Читаем Тарантелла полностью

Посмеяться есть над чем: я вам дан как сорванные с опоры качели. Слёзы смеха тоже подобны контактным линзочкам, а едкий их раствор очищает замутнённые близорукостью хрусталики, растворяет весь видимый глазами поверхностный убогий дизайн. Ваши слёзы очистят меня от налепленной длением творения оснастки, зрению в первозданной чистоте дастся возвращённый рай, все его деревья и птицы, травы и водопады, и его негасимые фонари. Очищенный от лепнины, я теперь снова восстану чист среди чистых растений сада и невинных зверей полевых: теперь без проклятого прошлого, ставь ударение на второй слог, теперь без проклятого будущего, ставь на первый, всегда только теперь. Ещё ничего не было, а проклятье жизни ещё впереди, и вот, освобождённый от оснастки истории, от заклятия судьбы, лишённый этих безобразящих мой первообраз перьев чистый дух роста — я опять наг, и больше не подвержен истории и судьбе. Их опять больше нет, а я снова есть.

Вот, я несомненно есть, протяжённый и гладкий. Несомненно есть моя нижняя челюсть, она дана не только осязанию, её можно слышать: ей придан голос лязгающий. Есть растягивающиеся и стягивающиеся между ней и верхней челюстью сталагмиты слюны, их можно видеть, если поторопиться увидеть: этот приём краток. Его быстро сменяет хлещущая из недр пещеристой пасти пена. Её выталкивает наружу насосное движение всего тела, от одной соответствующей позы к другой. Первая из них копирует архитектуру портала, но в сравнении с дорическим — значительно усовершенствованного: это арка, выгнутая пупком вверх. Надёжные опоры арки, пятки и холка, крепко впечатываются в деревянную почву. И эта поза длится недолго, её сменяет другая, копирующая фундамент арки: тело распростёрто, прижато к полу, расплюснуто своей тяжестью. Каменная судорога схватывает мышцы, вытягивает тело в линеечку, включая ступни. Из лопнувших тапочек врастопырку торчат, подражая конечностям примата, пальцы. Всё это вместе отлично выявляет подспудное, глубоко упрятанное под наросшей лепниной человеческого тела подлинное его содержание.

Необходимость связать обе позы, преодолев известное расстояние между вершиной арки и её основой, и создаёт необходимое движение. Хотя на него затрачено несколько секунд, но все секунды — фальшивый дизайн одного вечно длящегося мига, так он подаёт себя, когда хочет.
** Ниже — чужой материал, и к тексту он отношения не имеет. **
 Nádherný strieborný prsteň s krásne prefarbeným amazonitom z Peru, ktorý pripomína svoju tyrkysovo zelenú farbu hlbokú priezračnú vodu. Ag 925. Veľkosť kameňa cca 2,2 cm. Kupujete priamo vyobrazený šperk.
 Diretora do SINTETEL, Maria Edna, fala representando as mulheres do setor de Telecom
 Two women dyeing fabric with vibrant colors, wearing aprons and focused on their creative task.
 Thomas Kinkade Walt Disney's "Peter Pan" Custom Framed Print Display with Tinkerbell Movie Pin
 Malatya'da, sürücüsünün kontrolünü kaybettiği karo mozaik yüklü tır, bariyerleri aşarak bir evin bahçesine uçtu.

А значит, и движение длится вечность, а на вечность нет и не может быть затрат, затраты и утраты свойство времени. Музыкальное сопровождение соответствует такому движению: лопатки, ягодицы и подколенки выбивают непрерывную цепь тройных ударов. Акцент на второй доле, первая становится затактом, ставится пяткой, когда стопа падает на неё с полупальцев. Такое сопровождение длится без дополнительных усилий, ведь вступление в следующий такт не требует сосредоточенного поиска приёма, не провоцирует заикания, паузы. Оно не нуждается ни в чём, только в повторе уже вполне освоенного средства, в инерции того же затакта.
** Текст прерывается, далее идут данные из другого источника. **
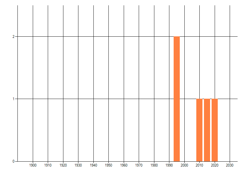 Het aantal atlasblokken (5x5 km) waarin de soort is gemeld binnen een periode van vijf jaar (vanaf 1980) of twintig jaar. Niet gecorrigeerd voor waarnemersinspanning en het aantal doorgegeven waarnemingen kan sterk variëren per periode, dus een trend in verspreiding kan hier niet direct uit worden afgelezen. Het opgegeven jaartal is het eerste jaar van de periode. Bron: gevalideerde waarnemingen uit de NDFF.
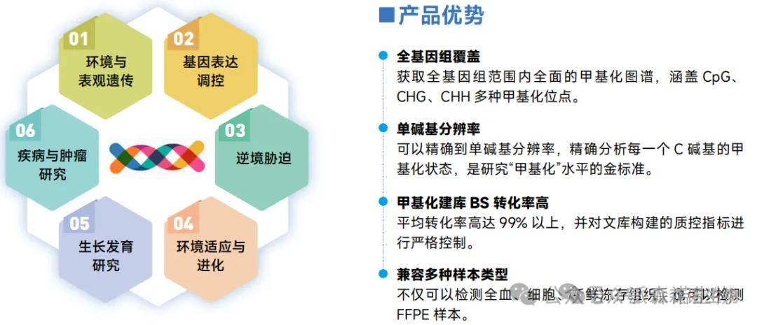 全基因组重亚硫酸盐甲基化测序(WGBS)是一种用于检测生物体基因组中DNA甲基化位点(CpG、CHG、CHH)的技术。通过高通量测序平台,对基因组DNA进行全覆盖的甲基化分析,以揭示DNA甲基化在不同组织、发育阶段和疾病状态下的变化。广泛应用于细胞分化、组织发育、动植物育种及人类健康与疾病研究等领域。

Battements, releves, grand jete, croisee, ecartee назад и вперёд, пассаж, пьяффе, пируэт, комбинации всех аллюров и па, углы поз в 90 градусов и 180, и сама градация — всё это уже пройдено и изъято из употребления, отработано и за ненадобностью брошено, подобно рваному зонтику на тротуаре. Всё оно отринуто, как и соответствующий ему голос повествования о нём. Наверное, оно и сейчас просвечивает сквозь новые, пока ещё безымянные позы тела и фигуры речи, но только утончённое ухо и просвещённый глаз найдут в этих просветах отринутое, и только в ином обличьи: не как утверждение — как отрицание себя, изъятие себя у себя. Ничего другого там и не найти, там ничего и не содержится, только отрицания, только изъяны.
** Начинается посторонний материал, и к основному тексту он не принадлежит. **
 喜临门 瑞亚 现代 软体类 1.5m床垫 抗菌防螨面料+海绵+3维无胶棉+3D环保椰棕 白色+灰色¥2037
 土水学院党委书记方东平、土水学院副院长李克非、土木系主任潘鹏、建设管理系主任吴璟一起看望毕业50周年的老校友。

Все просветы заполнены одними отрицаниями, само заполнение становится изыманием, и сам просвет изъяном. Например, сопровождая новые приёмы не словами, слова отринуты, а неразделёнными на слова первозвуками — не язык, он тоже изъят, само чрево повествователя издаёт их, напрягая свои ткани тем же, чем напряжены купола храмов и неба: заключённой не в болтающемся между ними, болтающем о них языке — в них самих мощью. Так, и небесного чрева мышцы взбухают от избытка мощи длящейся под его куполом схватки, адекватно передавая другим частям неба и всем на земле эту мощь. И это сложная задача: передать вращением на 360 градусов, умноженным на его непрерывность, корчи родовых схваток, судороги освобождающейся из-под спуда двусмысленной исторической ночи лярвы. Чем примитивней эти движения, тем сложней искусство наполнения их содержанием, этим живым дыханием любого приёма. Воплотившись, чтобы тут же отринуть, опровергнуть себя, он должен задышать своей безыскусностью, подобно тому, как и сама лярва, наконец, разрывает пелены навязанной ей серенькой ночи и, освободившись, сразу начинает искусно дышать.

Перейти на страницу:

Похожие книги

12 великих трагедий
12 великих трагедий

Книга «12 великих трагедий» – уникальное издание, позволяющее ознакомиться с самыми знаковыми произведениями в истории мировой драматургии, вышедшими из-под пера выдающихся мастеров жанра.Многие пьесы, включенные в книгу, посвящены реальным историческим персонажам и событиям, однако они творчески переосмыслены и обогащены благодаря оригинальным авторским интерпретациям.Книга включает произведения, созданные со времен греческой античности до начала прошлого века, поэтому внимательные читатели не только насладятся сюжетом пьес, но и увидят основные этапы эволюции драматического и сценаристского искусства.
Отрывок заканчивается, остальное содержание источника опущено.